Sunday 8 January 2017

TV Review: THE HALCYON + UNFORGOTTEN

This article was originally published in The Courier on 7 January 2017.


THE HALCYON: Monday, STV

UNFORGOTTEN: Thursday, STV


If escaping to the past beats facing up to a brutal future, then how better to ignore the birth of 2017 than traveling back to a glamourous five-star London hotel in 1940? Sure, World War II and all that, but weren’t the fashions divine?

Welcome, then, to THE HALCYON, where jitterbugs and doodlebugs collide in a streamlined tumult of soapy wartime melodrama: Downton Abbey with ration books and epaulettes.

A hotel is a classic setting for drama, offering as it does a myriad of stories operating under one convenient roof. In this case we have a Savoy-esque palace populated by various characters divided by class, nationality and politics, most of them portrayed by familiar TV faces.

Chief among them are the perennially watchable Steven Mackintosh as Garland, the ambiguous hotel manager whose outward propriety hides a scheming underbelly – Mackintosh excels at playing seemingly ordinary men with a sinister edge – and his haughty yet melancholy nemesis Lady Hamilton, played by Olivia Williams. She’s The Halcyon’s widowed owner who, for reasons only hinted at, despises Garland and his murky relationship with her late husband.

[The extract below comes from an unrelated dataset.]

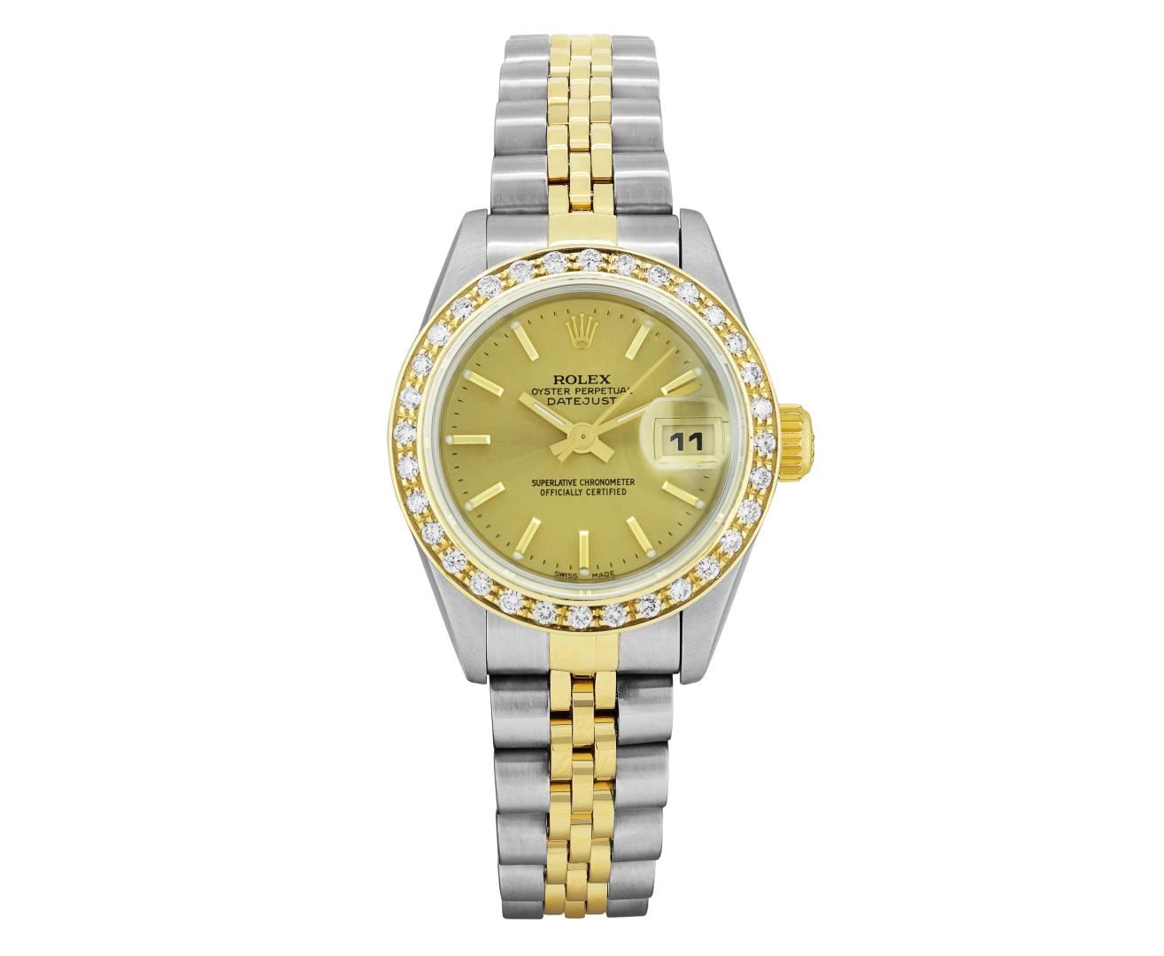 One Rolex Sapphire Ladies Pre Owned Two Tone 18K Yellow Gold And Stainless Steel Rolex Datejust Polished, Serviced And Electronically Tested, Rolex Yellow Gold And Stainless Steel Case: 26mm, Rolex Yellow Gold Crown. Custom Bezel: New 18K Yellow Gold Beadset Diamond Bezel, Diamond Count: 32 Diamonds On Bezel. Crystal: Sapphire Crystal With Date Window. Hands: Luminescent Hands. Rolex Movement: 2235 Automatic Winding Movement. Rolex Factory Dial: Champagne With Index Hour Markers And Dash Track, and Lumi Dots. Date Window: 3 O'Clock Position Date Display, Condition: G-6 Extra Fine. Rolex Bracelet: Two Tone 18K Yellow Gold & Stainless Steel Jubilee Band. Bright Polish & Satin Finish. 6.0 Inch Length, Adjustable. Standard Clasp, With Rolex Logo. This Watch Has Been Serviced Time Tested And Is In Excellent Condition It Is Free Of All Scratches And Dents.
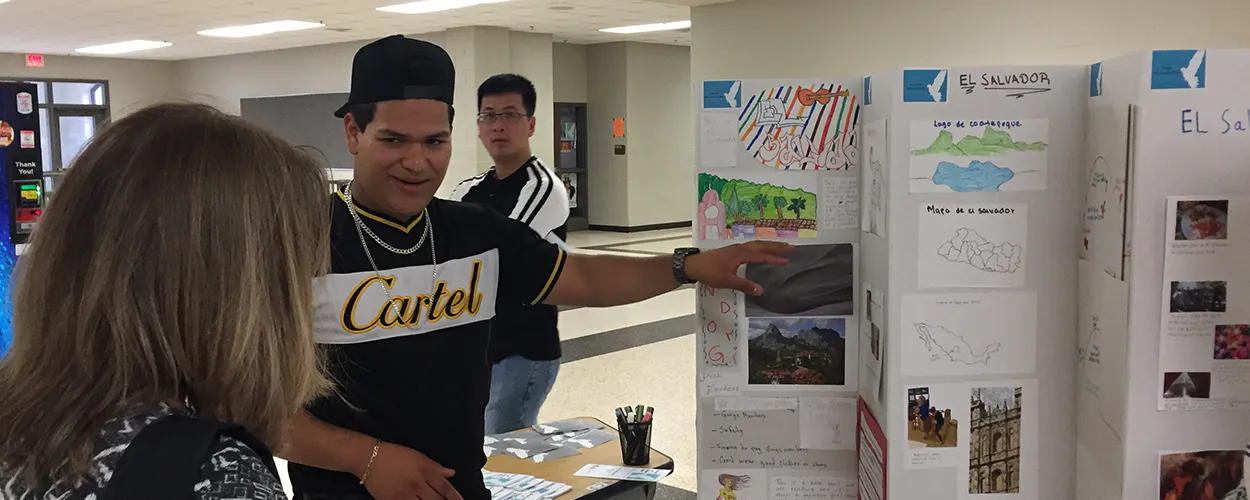 For example, Sandor Giron, 17, came to the United States from El Salvador. His presentation included images of his favorite food and a depiction of the typical architecture in the town where he lived—as well as the gang violence and other hardships that were a part of growing up there.

It’s a shame Lord H bumped himself off in episode one, as he was enjoyably portrayed with philandering ennui by the excellent Alex Jennings. He reminded me of Paul Whitehouse’s caddish 13th Duke of Wybourne from The Fast Show: “Me, Lord Hamilton, here? In the bathroom of a naked jazz chanteuse? With my reputation?!”


The lifts are also jammed with the likes of Mark Benton plying his usual trade as an affably lugubrious concierge, Charity Wakefield – last seen over Christmas playing a surrogate Lois Lane in Doctor Who – as, well, a glamourous Nazi sympathiser, and Absolutely’s Gordon Kennedy as a caustic Scottish chef – the ghost of Crossroads’ Hughie McPhee looms large.

Of less interest are a simpering receptionist, a gaggle of identikit posh blokes and two big band-style songs from Radio 2 jazz squid Jamie Cullum.

Filmed within an impressive studio set shot and dressed with appropriate opulence, The Halcyon is a blatant attempt by ITV to replicate the success of Downton Abbey and Mr Selfridge. It’s also indebted to practically every Stephen Poliakoff drama ever made, albeit set to a brisker pace (which wouldn’t be hard - the tombs of Ramesses are more animated than most Poliakoff dramas).

Nevertheless, the show set its well-trodden wheels in motion in confident and fairly promising style. Seeing as it clings so unashamedly to ITV’s Posh Soap blueprint – sex, serfs, toffs and fancy furnishings - success for The Halcyon is almost a formality.

Already a deserved hit for ITV, superior crime drama UNFORGOTTEN returned with another byzantine cold case for refreshingly normal and compassionate detectives Cassie and Sunny (Nicola Walker and Sanjeev Bhaskar, whose underplayed chemistry remains a key component).


This time they’re investigating a grisly unsolved murder from 1990. Naturally, the formula that proved so effective last year remains intact: when Cassie and Sunny eventually discover the identity of an unfortunate corpse, they’re plunged into an England-spanning mystery involving several seemingly unconnected characters.

Series Two’s suspects include an NHS nurse, a Muslim schoolteacher and a gay barrister: an apoplectic Daily Mail nightmare writ large. Good.

With all the requisite intrigue in place, the pressure is on for Unforgotten to match the twisting heights of series one.

If it does, then its reputation as one of the best TV dramas of its kind is secured.